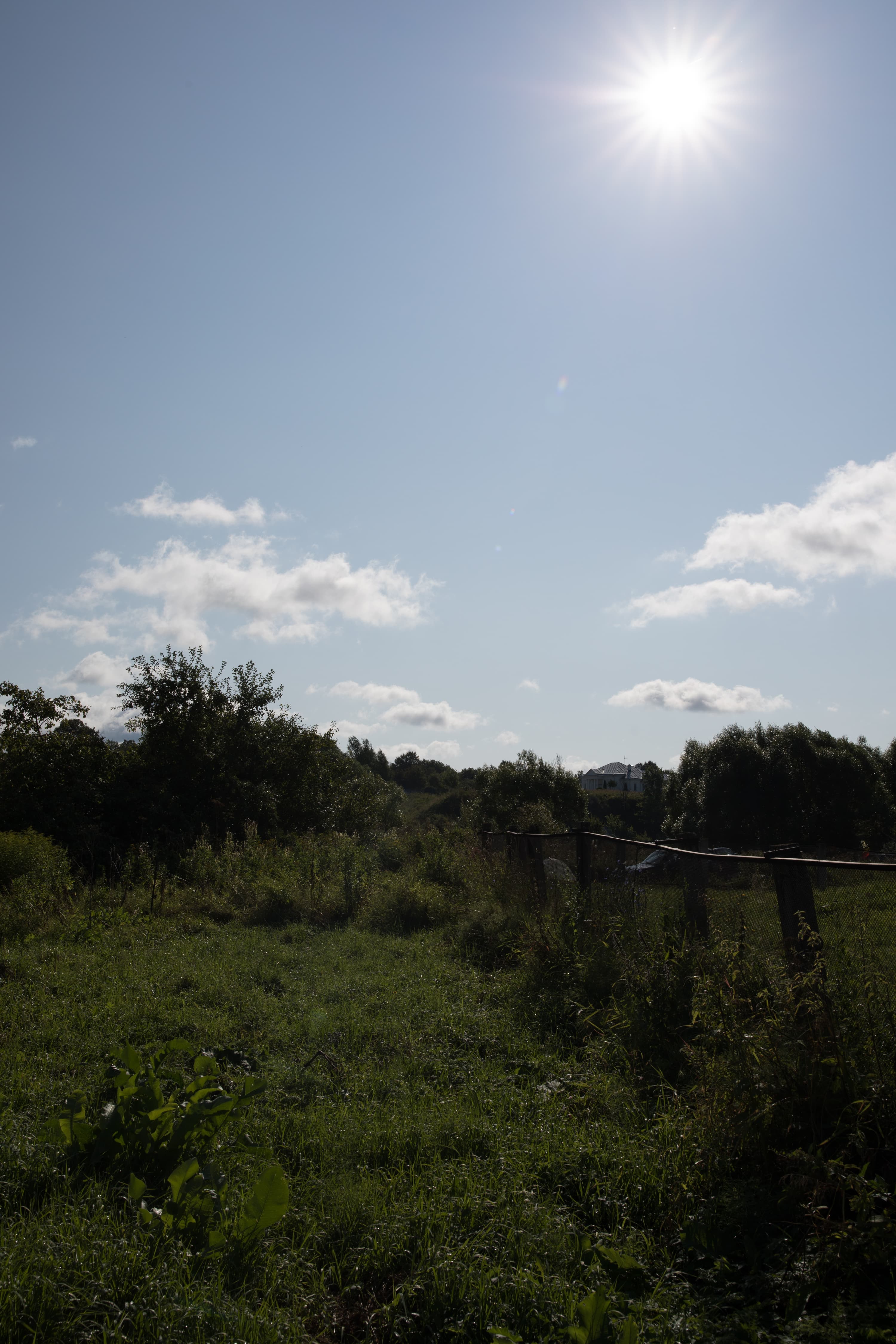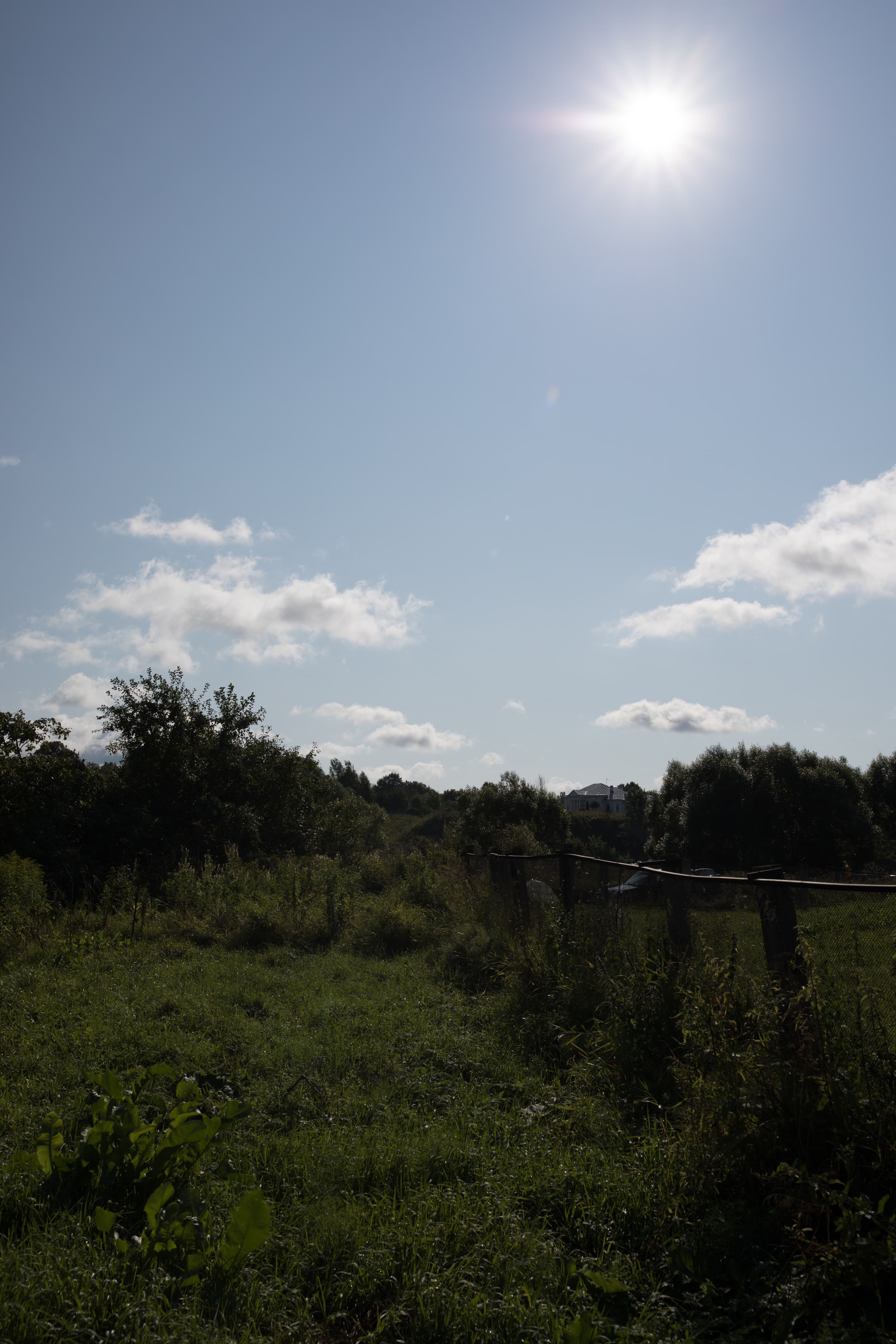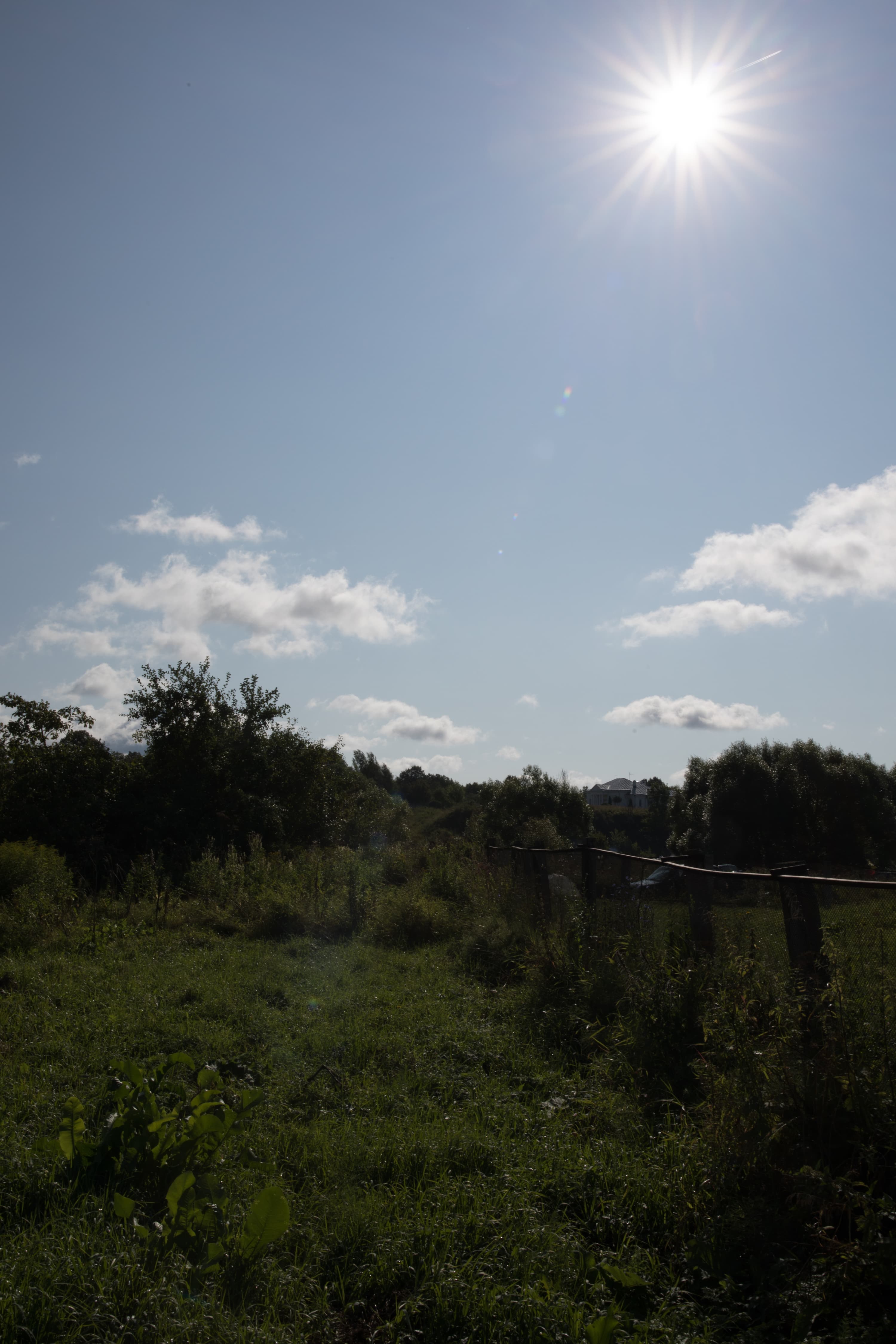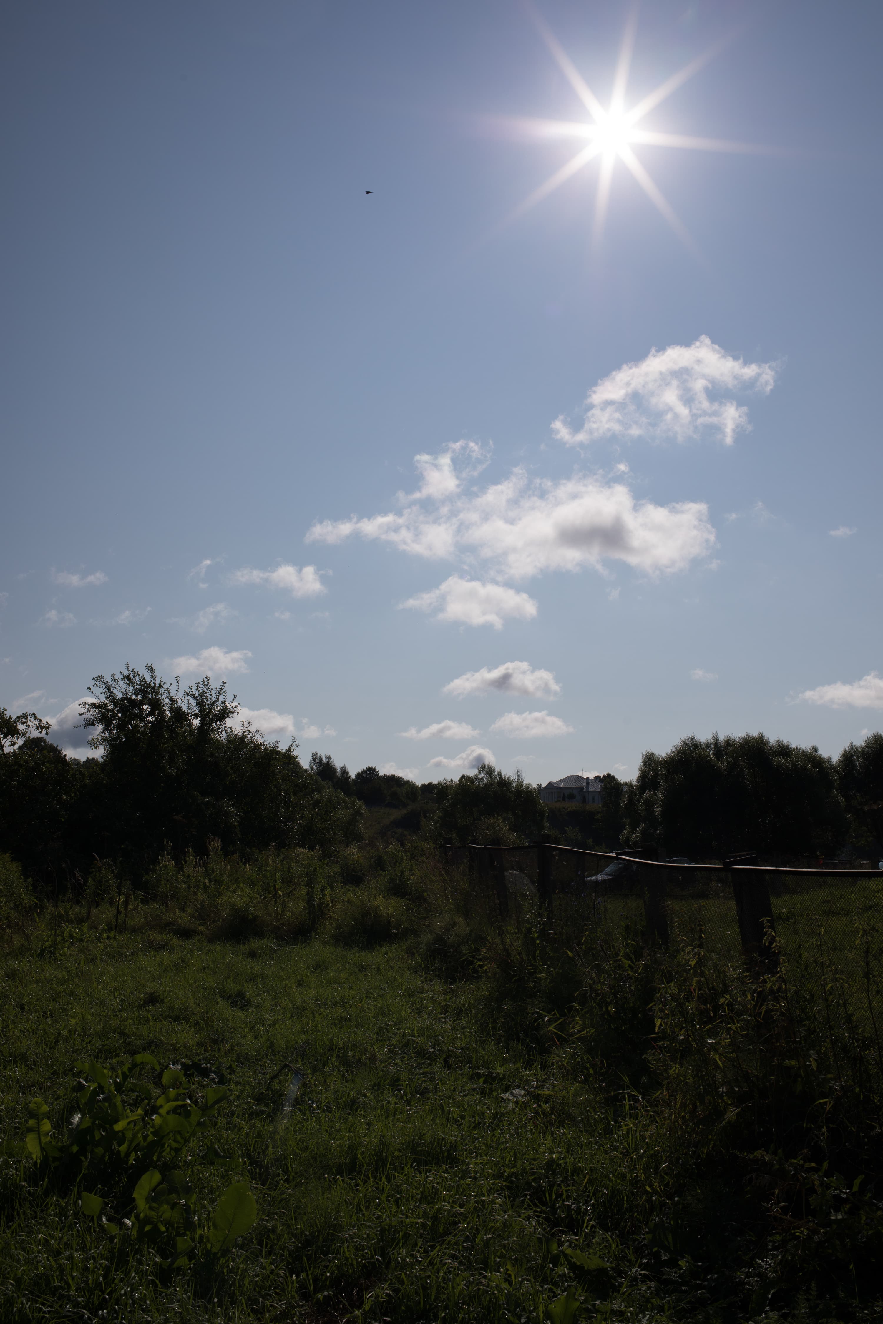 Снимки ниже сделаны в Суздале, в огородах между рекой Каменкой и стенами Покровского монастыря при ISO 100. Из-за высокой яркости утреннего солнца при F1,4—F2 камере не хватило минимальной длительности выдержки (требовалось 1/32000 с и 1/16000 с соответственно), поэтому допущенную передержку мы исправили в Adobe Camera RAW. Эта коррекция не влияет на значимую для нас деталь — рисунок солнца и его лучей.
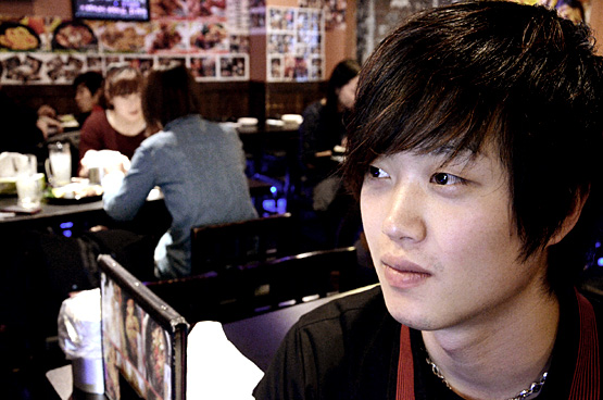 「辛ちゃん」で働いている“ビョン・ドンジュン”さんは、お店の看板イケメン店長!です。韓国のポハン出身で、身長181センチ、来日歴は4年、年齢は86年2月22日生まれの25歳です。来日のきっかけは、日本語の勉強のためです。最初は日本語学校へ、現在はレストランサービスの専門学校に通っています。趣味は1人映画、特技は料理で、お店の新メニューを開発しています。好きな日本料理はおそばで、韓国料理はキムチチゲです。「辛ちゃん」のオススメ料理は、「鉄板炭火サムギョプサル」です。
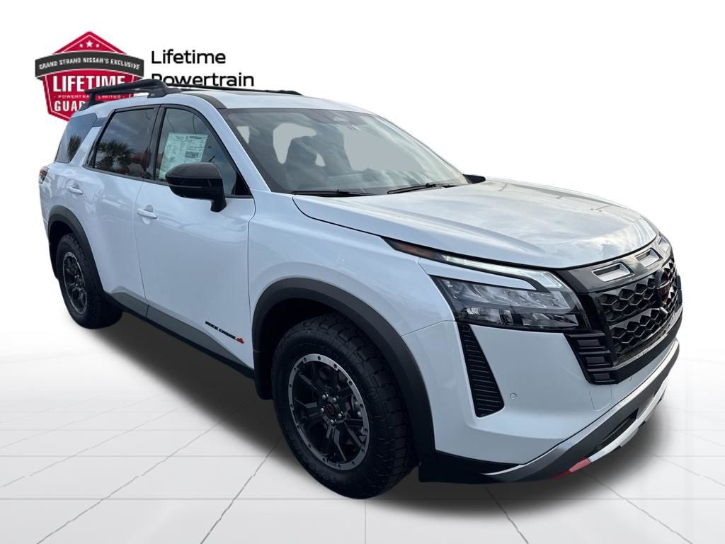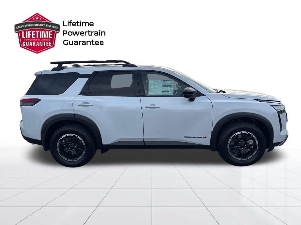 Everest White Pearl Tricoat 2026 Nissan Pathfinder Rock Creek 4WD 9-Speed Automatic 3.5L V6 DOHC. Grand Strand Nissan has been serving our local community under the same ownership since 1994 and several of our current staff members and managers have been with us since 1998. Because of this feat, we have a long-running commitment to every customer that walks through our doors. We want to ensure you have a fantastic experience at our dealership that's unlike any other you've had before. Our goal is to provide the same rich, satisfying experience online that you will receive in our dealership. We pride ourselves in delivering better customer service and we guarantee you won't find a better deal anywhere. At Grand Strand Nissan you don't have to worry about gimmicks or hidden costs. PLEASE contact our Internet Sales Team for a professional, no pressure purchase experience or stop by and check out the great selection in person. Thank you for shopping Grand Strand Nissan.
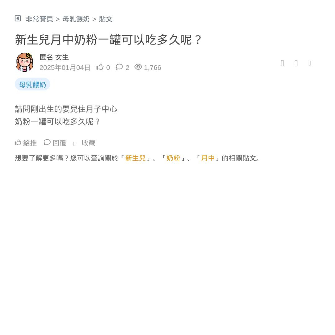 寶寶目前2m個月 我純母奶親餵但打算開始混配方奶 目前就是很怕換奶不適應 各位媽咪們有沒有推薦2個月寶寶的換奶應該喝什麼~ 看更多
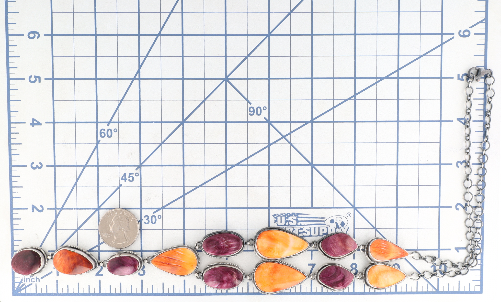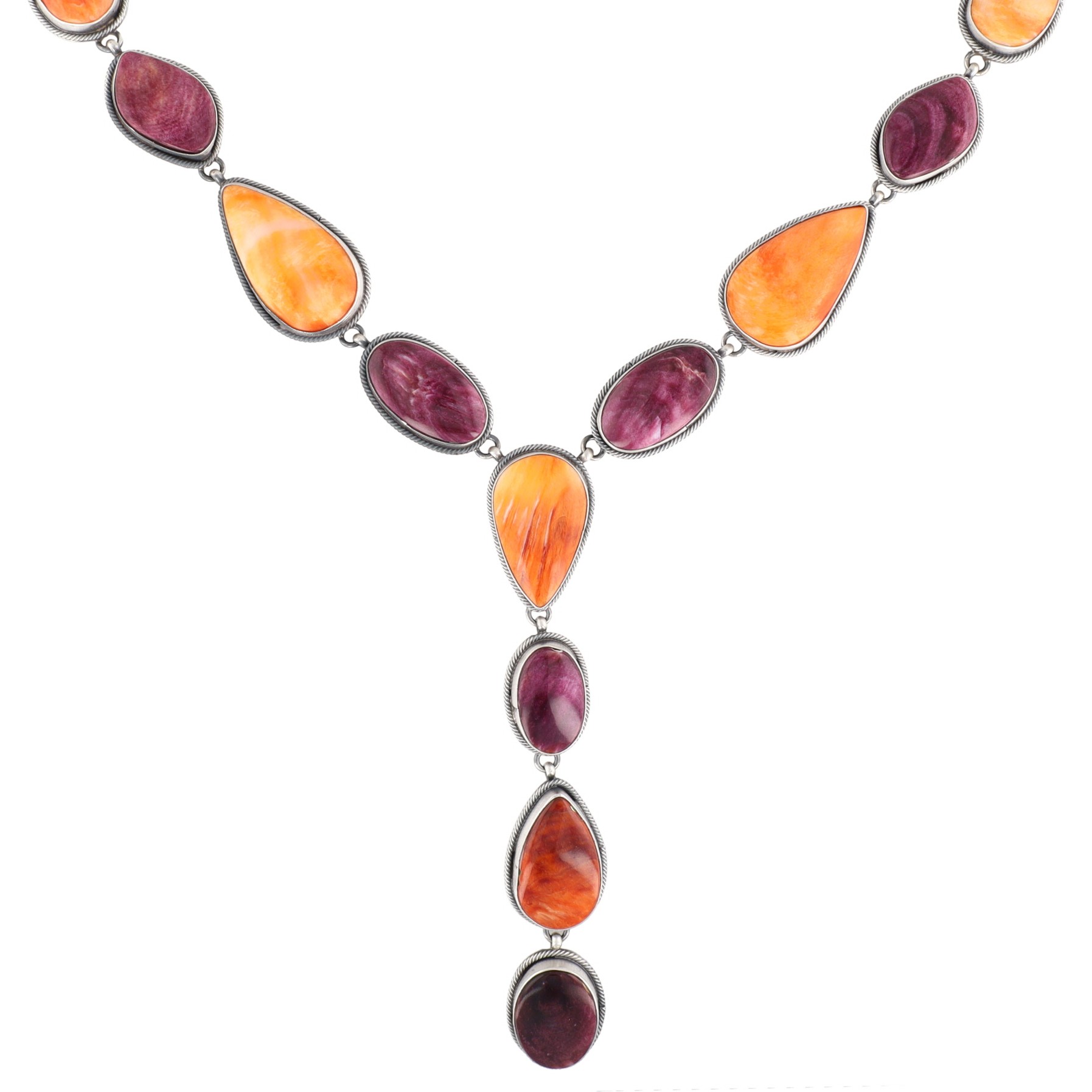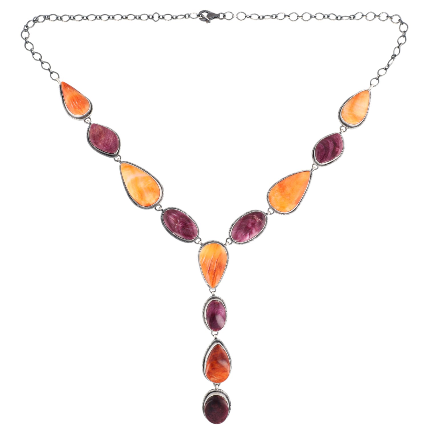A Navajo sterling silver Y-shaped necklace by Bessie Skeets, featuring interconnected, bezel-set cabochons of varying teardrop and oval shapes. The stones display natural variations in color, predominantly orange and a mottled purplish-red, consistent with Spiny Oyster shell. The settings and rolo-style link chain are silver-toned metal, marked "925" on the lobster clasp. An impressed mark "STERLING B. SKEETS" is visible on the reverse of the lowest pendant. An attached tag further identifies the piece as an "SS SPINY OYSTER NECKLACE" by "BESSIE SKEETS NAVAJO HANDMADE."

--- --- ---

Assignment
Reproduce the material word for word, minus the images.

Answer to this exercise
 Снимки ниже сделаны в Суздале, в огородах между рекой Каменкой и стенами Покровского монастыря при ISO 100. Из-за высокой яркости утреннего солнца при F1,4—F2 камере не хватило минимальной длительности выдержки (требовалось 1/32000 с и 1/16000 с соответственно), поэтому допущенную передержку мы исправили в Adobe Camera RAW. Эта коррекция не влияет на значимую для нас деталь — рисунок солнца и его лучей.
 「辛ちゃん」で働いている“ビョン・ドンジュン”さんは、お店の看板イケメン店長!です。韓国のポハン出身で、身長181センチ、来日歴は4年、年齢は86年2月22日生まれの25歳です。来日のきっかけは、日本語の勉強のためです。最初は日本語学校へ、現在はレストランサービスの専門学校に通っています。趣味は1人映画、特技は料理で、お店の新メニューを開発しています。好きな日本料理はおそばで、韓国料理はキムチチゲです。「辛ちゃん」のオススメ料理は、「鉄板炭火サムギョプサル」です。
 Everest White Pearl Tricoat 2026 Nissan Pathfinder Rock Creek 4WD 9-Speed Automatic 3.5L V6 DOHC. Grand Strand Nissan has been serving our local community under the same ownership since 1994 and several of our current staff members and managers have been with us since 1998. Because of this feat, we have a long-running commitment to every customer that walks through our doors. We want to ensure you have a fantastic experience at our dealership that's unlike any other you've had before. Our goal is to provide the same rich, satisfying experience online that you will receive in our dealership. We pride ourselves in delivering better customer service and we guarantee you won't find a better deal anywhere. At Grand Strand Nissan you don't have to worry about gimmicks or hidden costs. PLEASE contact our Internet Sales Team for a professional, no pressure purchase experience or stop by and check out the great selection in person. Thank you for shopping Grand Strand Nissan.
 寶寶目前2m個月 我純母奶親餵但打算開始混配方奶 目前就是很怕換奶不適應 各位媽咪們有沒有推薦2個月寶寶的換奶應該喝什麼~ 看更多
A Navajo sterling silver Y-shaped necklace by Bessie Skeets, featuring interconnected, bezel-set cabochons of varying teardrop and oval shapes. The stones display natural variations in color, predominantly orange and a mottled purplish-red, consistent with Spiny Oyster shell. The settings and rolo-style link chain are silver-toned metal, marked "925" on the lobster clasp. An impressed mark "STERLING B. SKEETS" is visible on the reverse of the lowest pendant. An attached tag further identifies the piece as an "SS SPINY OYSTER NECKLACE" by "BESSIE SKEETS NAVAJO HANDMADE."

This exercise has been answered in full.